Tensions were out of balance in the delf, and though the signs were subtle as yet, that might bode ill. One must know where the faults lay, for safety's sake.
"—well enough. A fool's gold is as good as that of the wise, while it lasts. If he wishes to pour it into this dark scrape, I will take my share."
Siggr. Auð throttled a growl. The jointer had rasped her patience wafer-thin this last month, now that they had come to covering the seats he had made; first, by disdaining the durability of leather for the richness of cloth. Who would they impress with such a display? They were far off the roads that carried trade, and the nearness of the sea would discourage casual visiting. She had won her point, yet he continued to argue with her over the hues, obstinately preferring a dark umber that would have gone well with the native basalt but appeared ugly as mud against the pale limestone Nordri had so beautifully set in place.
Sometimes she wondered whether Siggr took greater exception to her presence for propriety's sake, or because Veylin and Rekk—absorbed in their own crafts—would have given him a free hand. In either case, if it soured his mood so much, he ought to have made his disapproval plain and broke off the contract as soon as he saw her astride a pony beside him. If he had any grit, he would have; but no—Siggr was one who thought wagging his beard in confidence made him Khazâd. Veylin was a fool, was he? Not such a fool as to murmur in corridors what he would not say to one's face.
"You, at least, are getting a set fee." This was Hodr. What was he doing here, among the workshops, at this time of day? He should be two levels beneath the kitchen, delving the ale cellar. "I am on shares. Such tales they told, of what came from this mine: copper in abundance, they assured me! I would not mind sweating through this thrawn stuff if there was a gleam in it somewhere."
"There is not?"
Auð had been quiet, the better to listen; now she grew still as the stone around her. Discontent was as common in a mansion as cracks in its walls, yet while even the smallest flaw bore watching to see that it did not spread, some faults were more alarming than others. Siggr and Hodr were ultimately of little account: the jointer would return to the mansion as soon as his commission was completed, and strong backs to shift rock were plentiful and easily replaced. This more discreet voice, though: this was Skani, her cousin's prentice.

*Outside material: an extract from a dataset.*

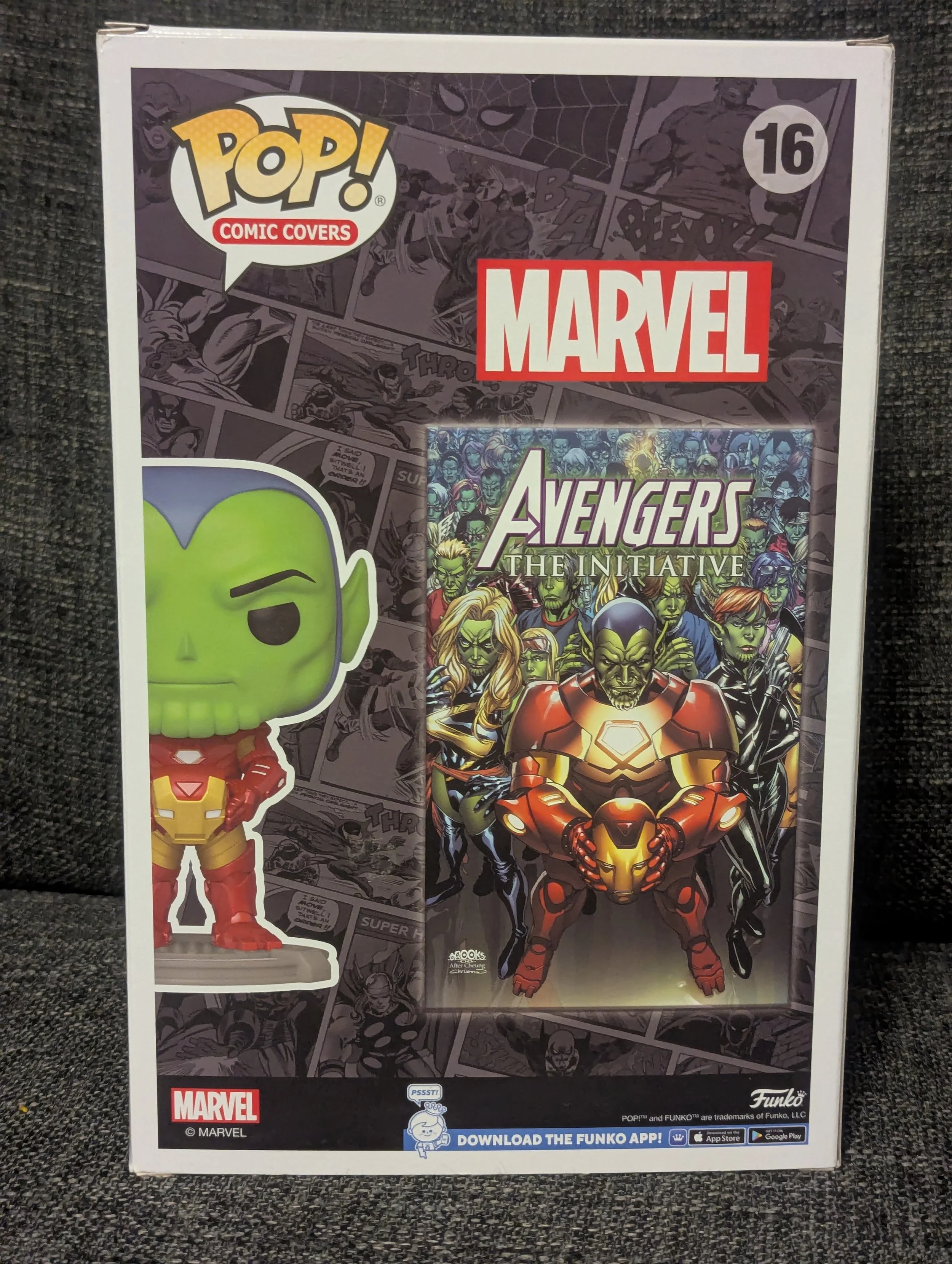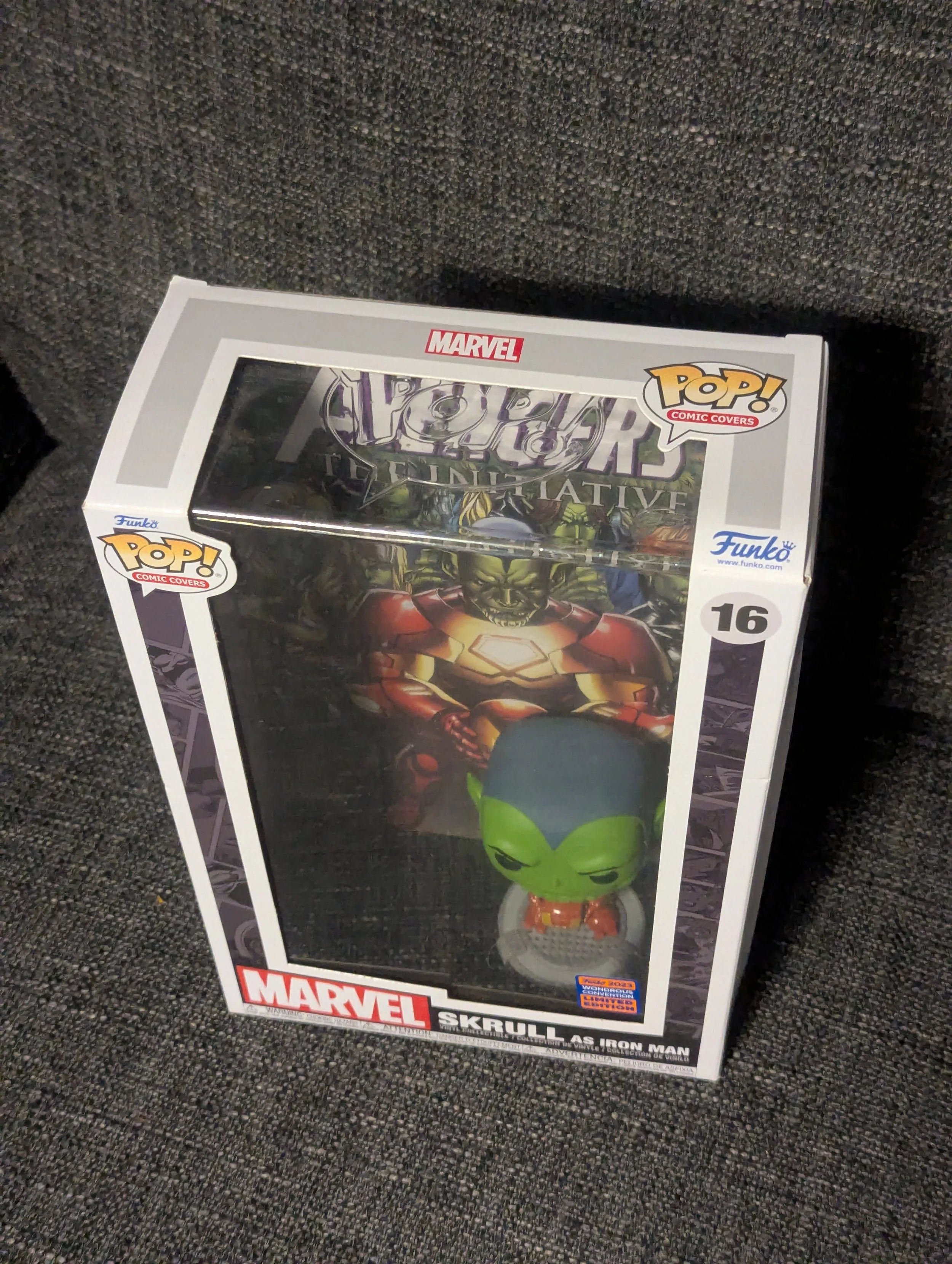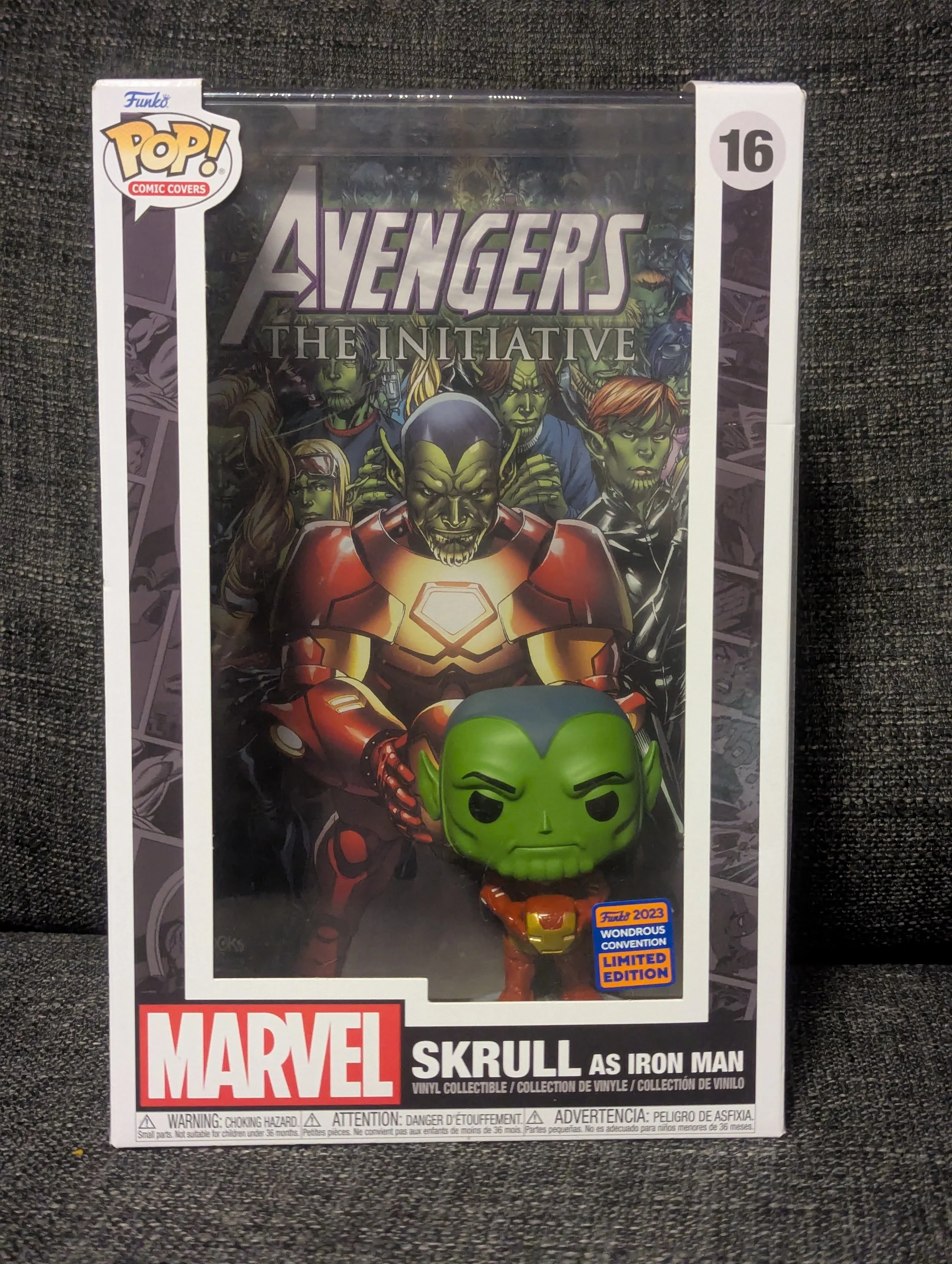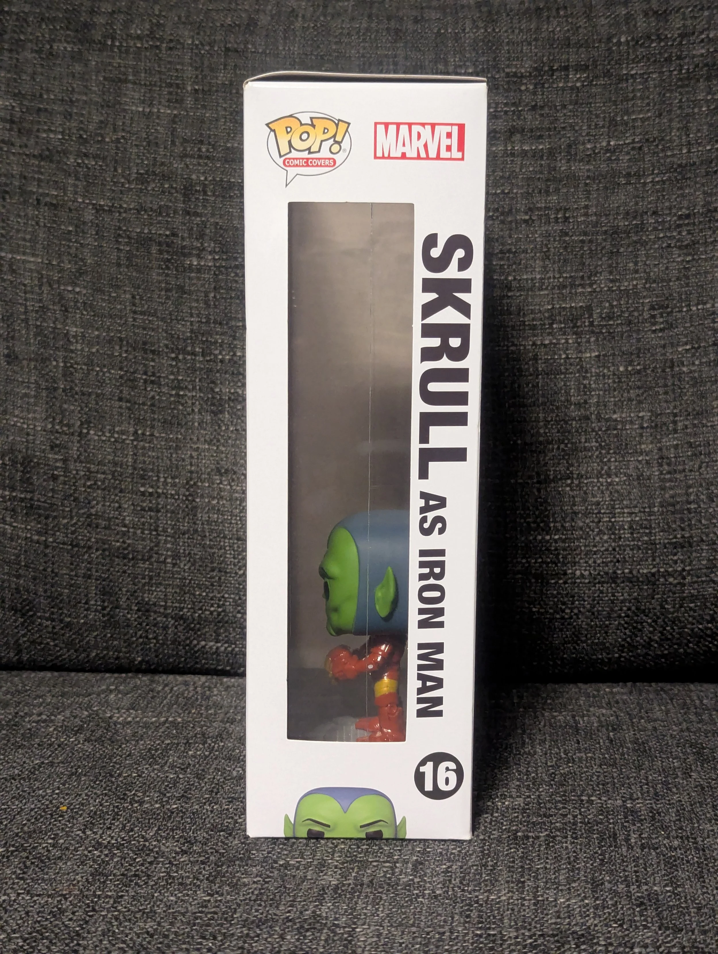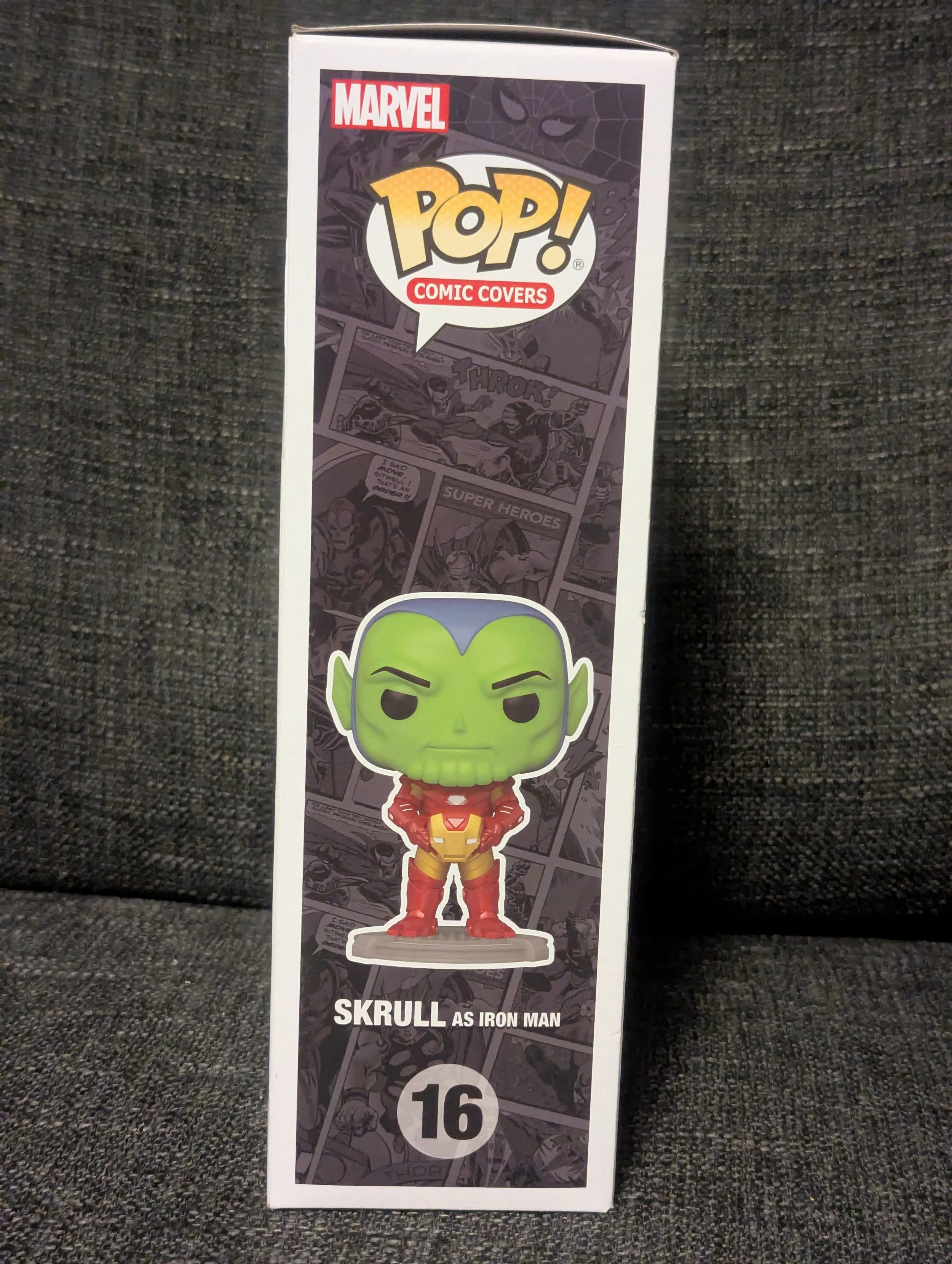 Add a unique Marvel collectible to your display with this Comic Covers Skrull as Iron Man Funko Pop! #16, released as a WonderCon Exclusive. This striking piece features a Skrull disguised as Iron Man alongside the classic comic cover artwork, all presented in a protective display case designed for collectors.

"Not that I have seen," Hodr scoffed. "Well, a little on this level, where Aðal's workshop lies, but nowhere near what I was led to expect. Nothing at all from the cutting of those cavernous storerooms. The stone down there is barren, black and vicious as an orc's heart. A waste of good labor, if you ask me. What is here that will ever fill those vaults?"
"You have seen no cinnabar? No opal?"
Glad for her slippers, silent on the granite paving, Auð backed discreetly away. Her errand could wait.
Why should Skani, who delighted in iron, ask after cinnabar and opal, save that those were the most valuable products that came from this place? Yet a prentice would get no share in such things—not even Thyrð, Veylin's own. Skani's master, though . . . . Vitnir would have an interest in what this delf produced, as Veylin's heir if not as an ironmaster. If he wished to know its prospects, of course, he ought to ask Veylin. Why should he set Skani to gossiping with malcontents?
Well; Vitnir ought to ask Veylin, but there was no denying the bond between her brother and their cousins had always been dutiful rather than close, even when they were all beardlings. She had always thought Nali's sons fine fellows: not very ingenious, true, but hard workers, with a great fund of sound sense. Both had been considered well worth having; a maiden brewmistress had torn her beard for Vitr as ostentatiously as his wife.
Since they returned to the mansion after slaying the fiends, Veylin and Vitnir had been punctiliously correct with each other, even cooler than before. Perhaps Vitnir resented the loss of his elder brother in that vengeance-foray. Though why he should, when it had been their plain duty—and left him heir apparent—was beyond Auð's understanding. Certainly his spouse could hardly keep from gloating, now that her son would one day be chieftain, and had celebrated by ordering her whole family new clothes in keeping with their elevated station.
The chieftaincy was none of her business: Thyrnir and Thyrð followed Thalfi, not Veylin, as their father had. And there were possible benefits to ill-feeling between her brother and his heir, if it led Veylin to leave more of his own wealth to the boys. But what effect would a falling out have on this place, which would never be anything other than a glorified scrape until more of their people—including women—could be convinced to bring their lives here? Was it truly so rich as Veylin and Rekk believed? She had an interest as well, in her own right through her labor, as well as for her sons' sakes.
She had seen the raw opal spread on Veylin's workbench, though she had reason to believe he had mined no more since their arrival. It might well be that Hodr, an uncouth companion at table and clearly indiscreet as well, had been deliberately set to work in the poorer areas of the delf, so he would leave of his own accord. Certainly Bersi and his son had not found reasons to depart, which argued that there was copper enough to content them.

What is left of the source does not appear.